Hillston's youngest police chief winked a bright blue eye at me. “Justin B. Savile the Five, it's a small price to pay. Want a Pepsi?”

“I want a blanket.”

“How about some Extra-Crispy?”

I showed him my sushi take-out. “No thanks,” I grumbled. “Hail
the new millennium. The whole country can watch and eat the same trash at the same time.”

Cuddy gave me an ironic snort. “I never knew a man so incensed by junk food.” He spun his hands in a tumbling circle. “Well, I say roll out the polyester carpet for the new millennium. Let it roll, let it rock’n’roll, right on over the past. The Old South's got a lot worse to answer for than Colonel Sanders’ family-pack.”

I opened my chopsticks. “Everybody knows the same trash and that's all they know. One story at a time, one new hot story every week.”

“What story's that?” Cuddy pulled a KFC wing from the bucket. “I sure hope it's the story of how you just found out who murdered G.I. Jane and you came in here to tell me.
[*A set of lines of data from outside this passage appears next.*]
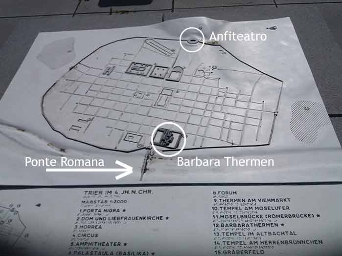 Existem duas termas antigas , um portão de muro do II séc. d.C., uma basílica do IV século (razão pela qual decidi fazer esta viagem) e um pequeno anfiteatro. O Landesmuseum Trier tem salas dedicadas à geologia do território, objetos dos Celtas, decorações prestigiosas romanas, objetos e sarcófagos romanos enormes – como nunca tinha visto. Uma catedral do IV século construída sobre ruínas de uma domus romana, uma igreja medieval de São Maxim e uma igreja barroca (São Paulino).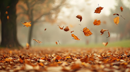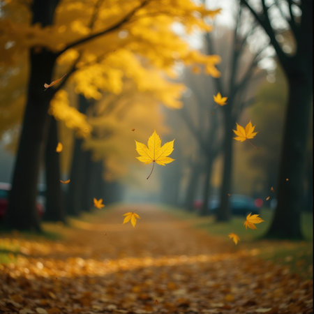 Golden autumn leaves fall gracefully along a tree-lined path shrouded in soft mist. The atmosphere evokes tranquility and nostalgia, with vibrant foliage creating a picturesque scene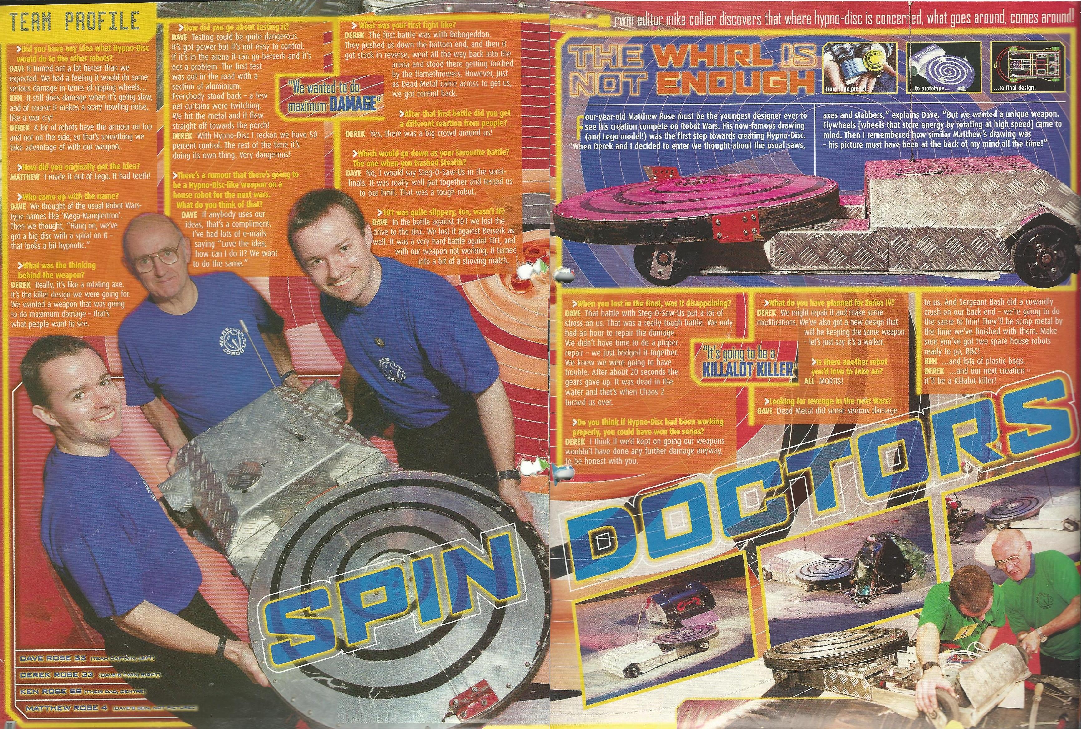 - Uniquely, the Robogeddon team (and the Hypno-Disc team) were interviewed by Craig Charles after their battle; usually this was not done until the second round in Series 3, but it was presumably done due to how remarkable the battle was.

Because I am under the tree with a noose around my neck, and the press has an electric prod aimed at my horse's behind.”

“I can’t find out who killed her ’til I find out who she is.”

“Justin, we’re talking about a human being.
Somebody
knows her.”

I shook my head. “Not in Hillston they don’t. Not anymore.”
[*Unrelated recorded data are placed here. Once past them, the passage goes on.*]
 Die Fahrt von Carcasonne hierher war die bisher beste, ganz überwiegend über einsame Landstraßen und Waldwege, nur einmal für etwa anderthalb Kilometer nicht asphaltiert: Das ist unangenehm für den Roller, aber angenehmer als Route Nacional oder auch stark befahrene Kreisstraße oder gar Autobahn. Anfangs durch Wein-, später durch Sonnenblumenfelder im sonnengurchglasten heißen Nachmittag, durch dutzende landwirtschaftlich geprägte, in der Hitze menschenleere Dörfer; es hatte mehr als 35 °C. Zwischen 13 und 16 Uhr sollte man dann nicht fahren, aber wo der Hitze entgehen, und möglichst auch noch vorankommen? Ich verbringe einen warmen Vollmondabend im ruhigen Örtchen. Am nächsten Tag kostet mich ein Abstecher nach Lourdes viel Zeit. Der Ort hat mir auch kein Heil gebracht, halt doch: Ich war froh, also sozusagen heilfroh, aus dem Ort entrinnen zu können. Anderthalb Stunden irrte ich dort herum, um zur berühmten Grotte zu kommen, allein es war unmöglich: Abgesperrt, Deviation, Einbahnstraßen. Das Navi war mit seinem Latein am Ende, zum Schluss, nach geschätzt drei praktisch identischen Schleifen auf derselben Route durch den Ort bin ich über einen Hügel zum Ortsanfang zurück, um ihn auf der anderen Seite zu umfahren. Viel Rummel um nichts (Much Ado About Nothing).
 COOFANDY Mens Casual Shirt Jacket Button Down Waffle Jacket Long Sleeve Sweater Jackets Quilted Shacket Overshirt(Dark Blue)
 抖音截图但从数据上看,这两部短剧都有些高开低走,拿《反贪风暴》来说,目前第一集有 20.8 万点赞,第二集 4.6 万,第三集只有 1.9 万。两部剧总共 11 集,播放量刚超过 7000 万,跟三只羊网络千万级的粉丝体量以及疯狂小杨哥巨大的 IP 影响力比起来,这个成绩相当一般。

Two teenagers had come across the slender fair-haired woman lying in a rain-flooded incline under wet dead leaves and rotted branches deep in scrub forest on the north edge of town. Her killer had cut her throat open to her spinal cord. He’d apparently used the same serrated knife to saw off her hair close to her scalp and to slice off the skin attaching a small pierced ring to her eye-brow. Then he’d roughly shaved her head. That's why we called her G.I. Jane. She was unclothed except for a new gray Guess T-shirt.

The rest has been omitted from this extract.